Семенов, поджав губы, пристально оглядел молодого князя и остался доволен. Вид неказист, но ему нужны деньги. Пропил все. Видать, добрался уже до папашиного портсигара.
— Будете учиться, князь! — строго сказал Семенов, тряхнув плечами. — Этой зимой — в дело. Обмундирование, питание, казарма — бесплатно. Жалованье...
— Буду получать я, — твердо и решительно проговорил Ухтомский-отец.
— Папа... — пытался возразить сын, сделав шаг к столу.
— Серж! — важно поднялся генерал. — Ты меня знаешь. Перед тобой — карьера. Умей служить и не огорчай своего старого родителя.
Он подошел к сыну и, обняв его, трижды потерся своей дряблой щекой о такую же дряблую щеку будущего офицера.
— Документы и деньги на проезд получите у секретаря, — деловым тоном сказал Семенов, прерывая родственные излияния. — Пропьете, повезут в арестантском вагоне.
— Я провожу его, — вызвался старый князь, разумно полагая, что сын, безусловно, пропьет все. — Он будет на месте точно в срок.
Семенов устал. Завтра чуть свет нужно быть на границе. Говорят, русские копают противотанковый ров, его нет на карте. Осенью предстоит разведка боем, нужно выбрать место, осмотреть скрытые подходы заранее. После можно будет насторожить противника, а пока, до осени, еще все забудется. Пыхтя и отдуваясь, без доклада вошел Родзаевский, приземистый, толстый, всегда покрытый липкой испариной.
— Григорий Михайлович! — начал он, не здороваясь. — Вы совсем забыли нас! — он плюхнулся в кресло. — Вот уже два месяца я не получаю ни копейки!

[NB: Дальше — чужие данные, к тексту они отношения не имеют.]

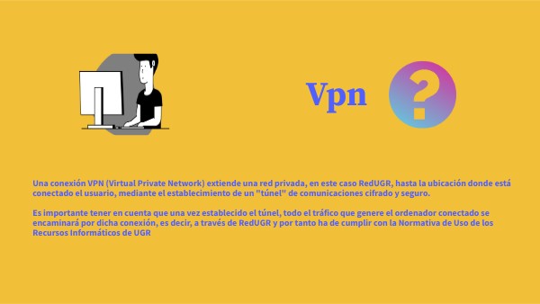 Una conexión VPN (Virtual Private Network) extiende una red privada, en este caso RedUGR, hasta la ubicación donde está conectado el usuario, mediante el establecimiento de un "túnel" de comunicaciones cifrado y seguro. Es importante tener en cuenta que una vez establecido el túnel, todo el tráfico que genere el ordenador conectado se encaminará por dicha conexión, es decir, a través de RedUGR y por tanto ha de cumplir con la Normativa de Uso de los Recursos Informáticos de UGR

Это же невозможно. Вы приказываете вербовать новых членов, а чем я буду им платить? И так в «Союзе» дела далеко не блестящи, вы, вероятно, из моей последней докладной записки все поняли, — он вытер потное лицо большим клетчатым платком.
— Я был лучшего мнения о вас, Константин Владимирович, — сухо ответил Семенов. — Еще тогда, когда вы только начинали организовывать русских... — он иронически усмехнулся, — русских фашистов, я вам сразу же указал на непопулярность такого названия.
«До чего противное, лягушечье лицо у этого выродка», — подумал Семенов и отвернулся к окну. Родзаевский пожал плечами:
— Но мы немало сделали, Григорий Михайлович. Лучшие кадры вы берете к себе. И еще не было причины обижаться на меня за плохую подготовку этих людей.
Глядя на сердитое лицо атамана, Родзаевский думал: «Скаред! Огребает тысячи, а других держит на голодном пайке». Но говорил льстиво:
— Вы, как всегда, оказались прозорливцем. Но что я могу сделать сейчас? И японцы настаивают...
— Эх, Константин Владимирович, Константин Владимирович! — вздохнул Семенов, доставая чековую книжку. — Мало, ох мало нами сделано!
— Разделяю вашу скорбь, Григорий Михайлович, — сочувственной скороговоркой отозвался Родзаевский, жадно следя за пером атамана.